Михаил Бойков - ЛЮДИ СОВЕТСКОЙ ТЮРЬМЫ
В этот момент я вспоминаю рассказы заключенных о том, как следователи заставляли их "вербовать", т. е. оговаривать ни в чем неповинных людей, клеветать на них. Значит и меня хочет сделать "вербовщиком" этот жирный энкаведист с потным черепом? Страх мой сменяется озлоблением. Стараясь подавить его, я внешне спокойно спрашиваю:
— Вам нужен список людей? Безразлично каких? Даже ни в чем не виновных? Он пожал плечами.
— Если нет ничего лучше… Диктуйте мне ваш список. Я буду записывать.
— Нет! — говорю я решительно. — До этого я еще не дошел. И не дойду.
— Встать! — орет он, замахиваясь на меня рукой.
Я медленно встаю с дивана, сжав кулаки…
На предыдущих допросах следователь и подследственный достаточно надоели друг другу и озлобились. Он зол на меня за упорство и нежелание "признаваться", а я на него — за постоянные требования "признаний", которые могут довести до пули в затылок.

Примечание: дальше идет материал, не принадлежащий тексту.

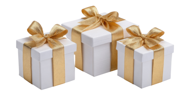 Elegant white and gold gift boxes with decorative ribbons on clean white background, luxury present packaging, festive celebration concept design

Островерхов смотрит на мои кулаки, опускает руку и, отступая, шипит:
— Вот ты как? Хор-р-рош-шо! Я же тебе покаж-жу! Он бросается к столу и рывком хватает телефонную трубку. В голосе его явственно слышится звериное рычание.
— Р-р-р! Теломеханика ко мне! Кравцова! Р-р-р! Скор-рее!
Яростно брошенная им на телефон трубка жалобно звякает…
Открывается дверь и на пороге вырастает высокая плечистая фигура в форме НКВД, с нашивками сержанта. Сделав несколько шагов вперед, он вытягивается во фронт, прикладывает руку к козырьку голубой фуражки и рапортует четким, но тихим, каким-то приглушенным голосом:
— Теломеханик Кравцов явился по вашему вызову, товарищ следователь!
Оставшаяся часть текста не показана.